The circumstance was highlighted by the case of Niceforo Macedo-Hernandez, 46, arrested Aug. 9, on misdemeanor domestic battery charges. Despite having a stay on his U.S. Immigration and Customs Enforcement case, he was denied release Sept. 1, on bond. County officials indicated taking a deliberate path in light of the new legislation and its potential implications.
A statement by McHenry County Sheriff Bill Prim, said, “We have a public act, less than a week old with a sweeping effect that has yet to be interpreted by any court. Our objective, at this point, is to move slowly and cautiously, with public safety as our foremost consideration, consistent with constitutional responsibilities.
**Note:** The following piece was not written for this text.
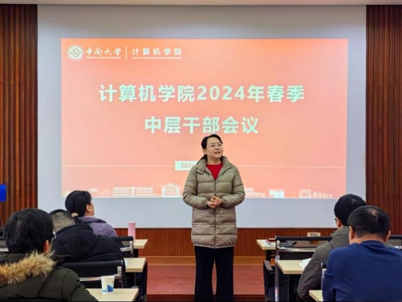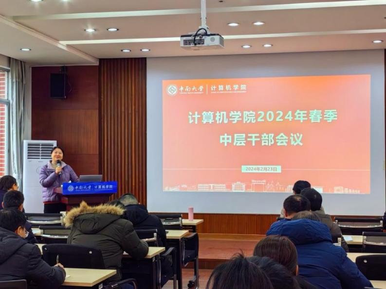 2024年春季中层干部会议在计算机楼313会议室召开,院党委书记赵晓霞主持会议,学院领导班子和全体中层干部参会。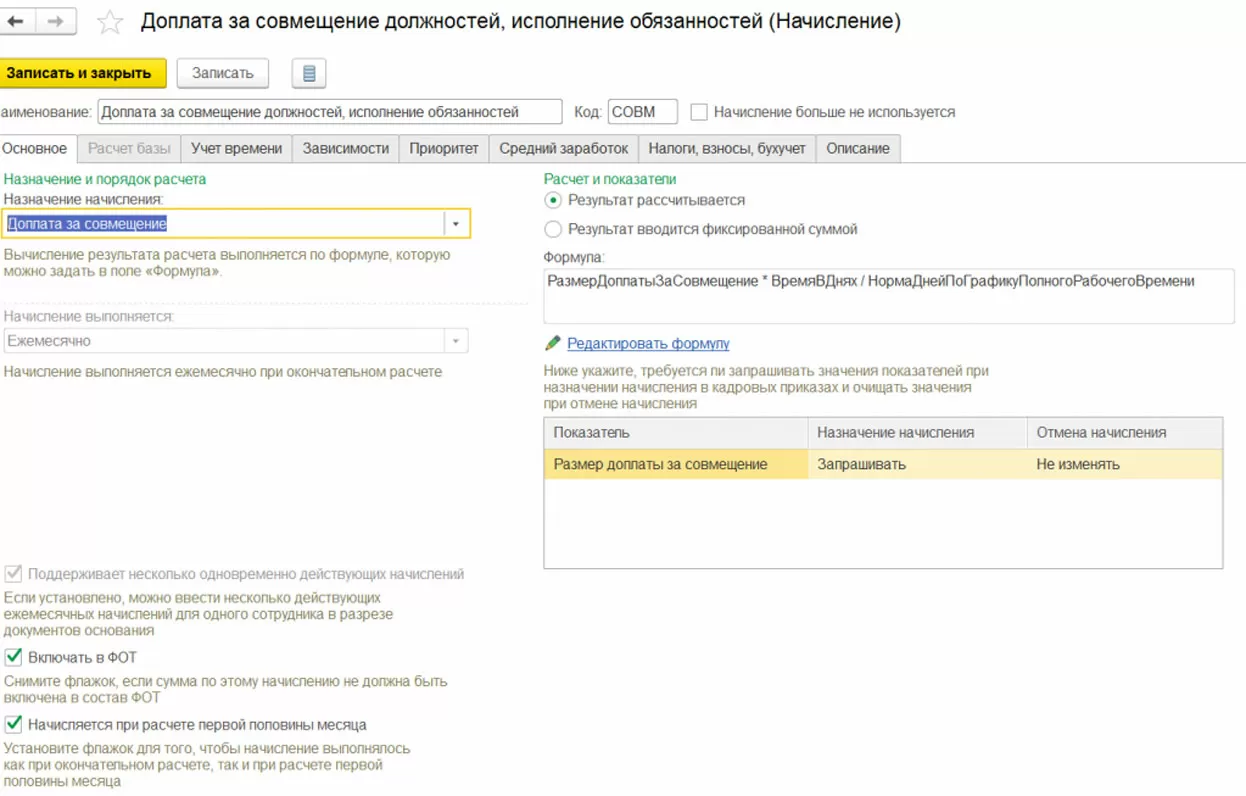 При необходимости можно создать собственное начисление с назначением «Доплата за совмещение», в закладке «Основное» описав произвольную формулу с использованием показателя «Размер доплаты за совмещение» (например, Размер доплаты за совмещение, умноженное на Время в днях и поделенное на Норму дней по графику полного рабочего времени). Для этого достаточно позвонить нашим специалистам и мы настроим нетиповые начисления в 1С:ЗУП за совмещение должностей.

The defendant in question is charged with a crime of violence, which makes us even more reluctant to make hasty decisions.”
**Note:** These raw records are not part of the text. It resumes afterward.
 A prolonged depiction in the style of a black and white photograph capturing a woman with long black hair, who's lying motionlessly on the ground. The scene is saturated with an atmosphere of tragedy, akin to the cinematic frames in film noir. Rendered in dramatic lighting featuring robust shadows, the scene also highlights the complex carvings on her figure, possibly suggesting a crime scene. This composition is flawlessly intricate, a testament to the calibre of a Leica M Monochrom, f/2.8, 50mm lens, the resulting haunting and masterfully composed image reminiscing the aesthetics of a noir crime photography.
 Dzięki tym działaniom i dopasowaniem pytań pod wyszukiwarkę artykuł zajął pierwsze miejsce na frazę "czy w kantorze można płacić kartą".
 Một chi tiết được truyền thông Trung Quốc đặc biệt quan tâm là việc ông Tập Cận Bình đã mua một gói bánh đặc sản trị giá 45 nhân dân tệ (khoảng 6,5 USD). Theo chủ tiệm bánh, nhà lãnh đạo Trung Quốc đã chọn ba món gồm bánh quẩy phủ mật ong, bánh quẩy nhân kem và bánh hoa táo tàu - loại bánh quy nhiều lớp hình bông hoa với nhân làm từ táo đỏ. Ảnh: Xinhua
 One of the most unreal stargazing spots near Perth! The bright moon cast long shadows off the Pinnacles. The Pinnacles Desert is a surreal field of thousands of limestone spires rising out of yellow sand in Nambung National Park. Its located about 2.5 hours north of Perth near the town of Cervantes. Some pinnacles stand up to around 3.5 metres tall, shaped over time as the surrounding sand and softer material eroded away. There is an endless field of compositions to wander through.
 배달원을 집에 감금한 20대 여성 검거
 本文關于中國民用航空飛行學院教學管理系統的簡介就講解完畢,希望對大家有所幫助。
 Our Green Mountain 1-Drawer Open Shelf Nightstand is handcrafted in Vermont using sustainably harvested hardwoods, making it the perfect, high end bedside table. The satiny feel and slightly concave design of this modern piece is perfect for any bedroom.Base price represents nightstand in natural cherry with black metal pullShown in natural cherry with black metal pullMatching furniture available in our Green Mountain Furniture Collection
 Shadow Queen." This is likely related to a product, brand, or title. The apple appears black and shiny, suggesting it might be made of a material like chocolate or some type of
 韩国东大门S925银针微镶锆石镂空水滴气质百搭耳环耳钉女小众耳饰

The department’s Communications specialist, Lorie Hendrickson, was unavailable for comment.
The Trump administration in February announced plans to begin mass deportations of illegal immigrants and a complete dismantling of the Deferred Action for Childhood Arrivals (DACA) program, although the shape and scope of the actions was not formally been vetted. The Sept. 5 announcement to halt the program and reject further applications, also left a time-window renewal for two-year work permits.
The administration also placed the task of fashioning a new program in the hands of congressional leaders to address DACA children, within the next six months. The executive-authority program was created in 2012, by President Barack Obama, to protect the children of undocumented aliens brought into the United States illegally, from deportation.
The U.S. Decennial Census Survey, conducted in July 2010, showed a total population of 308,760 in McHenry County. The Latino population was listed at 11.42 percent, or 35,249 people. The figure was almost double, from 2010, which was 35,249.
“What happens in the future remains to be seen, and how it will affect those people that are undocumented,” said Maria-Elena Jonas, CEO for the Waukegan-based Hispanic American Community Education and Services. “Some parents are fearful, and are signing custody papers for their children in case they don’t return home. The documentation is now paramount, and where they were previously afraid to take action, they are coming forward.
HACES is a nonprofit agency that provides social services and guidance in navigating the process of citizenship, assistance, and programs that address naturalization while offering steps toward beginning the process. While based in Lake County, it has seen an increase in clientele from other areas of northern Illinois.
“This is what our mission statement is about…citizenship and assistance for all ethnic groups,” she said. “With the new state law, and the changes to DACA, these are different areas to chart. We don’t know how this will evolve, we hope with a positive resolution.”